After executing above code I get following sets of labels:

[0, 1, 2, 3, 4, 5, 6, 7, 8, 9, 10, 11, 12, 13, 14, 15, 16, 17, 18, 19, 20, 21, 22, 23, 24, 25, 26, 27, 28, 29, 30, 31, 32, 33, 34, 35, 36, 37, 38, 39, 40, 41, 42, 43, 44, 45, 46, 47, 48, 50, 51, 52, 53, 55, 57, 58, 59, 60, 61, 62, 63, 64, 65, 66, 67, 68, 69, 71, 72, 73, 74, 75, 77, 80, 81, 82, 83, 85, 86, 87, 88, 89, 90, 95, 96, 97, 98, 100, 102, 103, 104, 105, 108, 109, 110, 113, 117, 120, 121, 123, 124, 126, 129, 130, 139, 150]

This is basically all pixels from 0 to 150.

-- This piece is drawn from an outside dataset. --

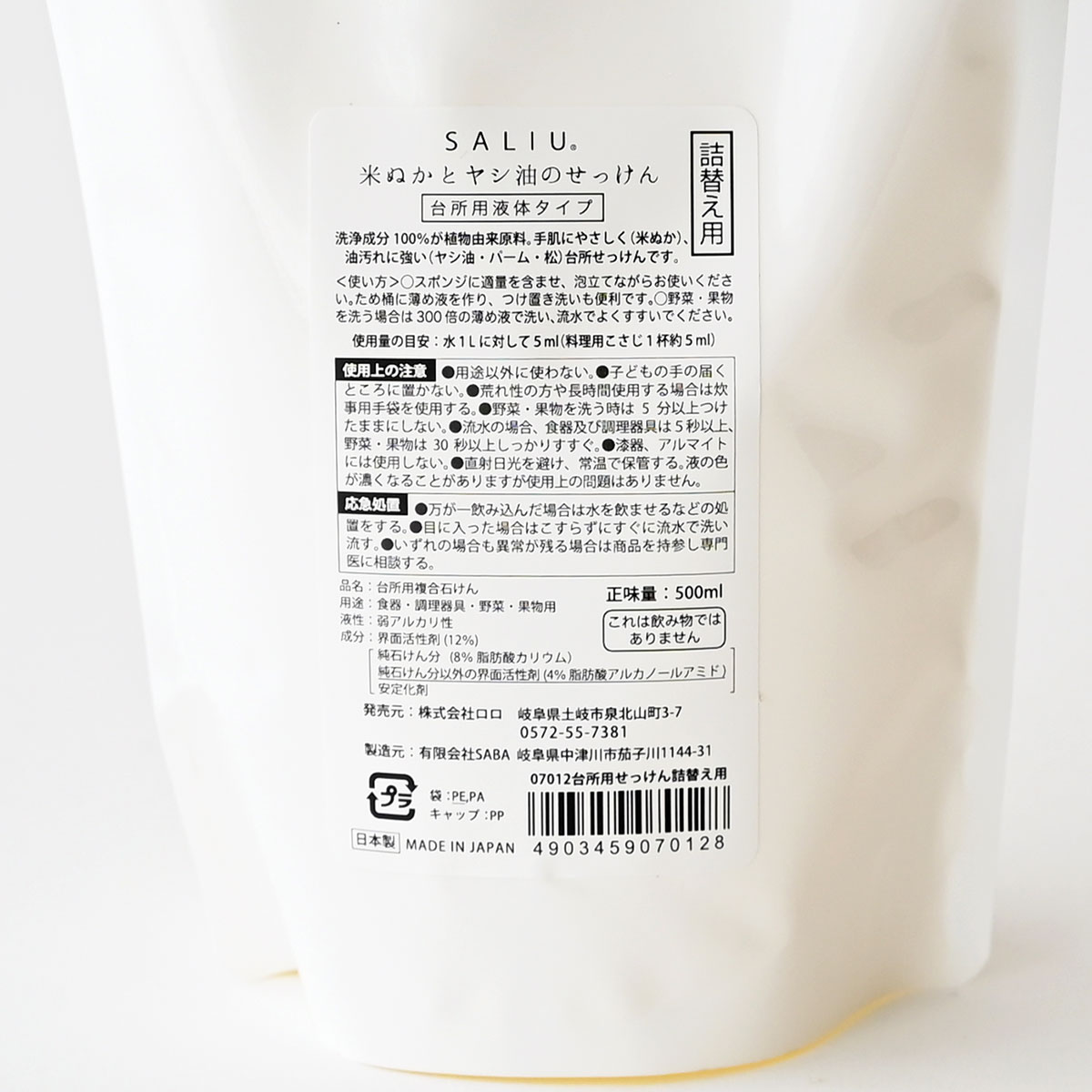 | 商品名 | 【SALIU】米ぬかとヤシ油のせっけん 台所用 500ml 詰め替え |

While when is_transforms = False,

dst_adek = CustomDataset()
img, mask = dst_adek[0]
mask = np.array(mask)
#plt.imshow(label2rgb(mask))
print(np.unique(mask))

I get these sets of labels:

[  0   1   4   5   6  13  18  32  33  43  44  88  97 105 126 139 150]

So It is not good to use transforms on the mask and only use that on the images?

1 Like

I got the answer and really sorry for posting the doubt without doing more work which I should have done.
Initially, I thought that converting images to tensor is distorting my mask, which is not because I am using torch.from_numpy. It was because of resizing. It seems default interpolation in transforms.Resize() is Image.BILINEAR, which in turn is changing the pixel values of masks.
Changing the line

resize = transforms.Resize(size = self.img_size)

to

resize = transforms.Resize(size = self.img_size, interpolation=Image.NEAREST)

solves my problem.

I am again sorry for this silly doubt but I think it might be helpful for someone else in the community.

3 Likes

Mask/Faster R-CNN use torch.functional.interpolate under the hood, images with bilinear and masks with nearest method, you should try that.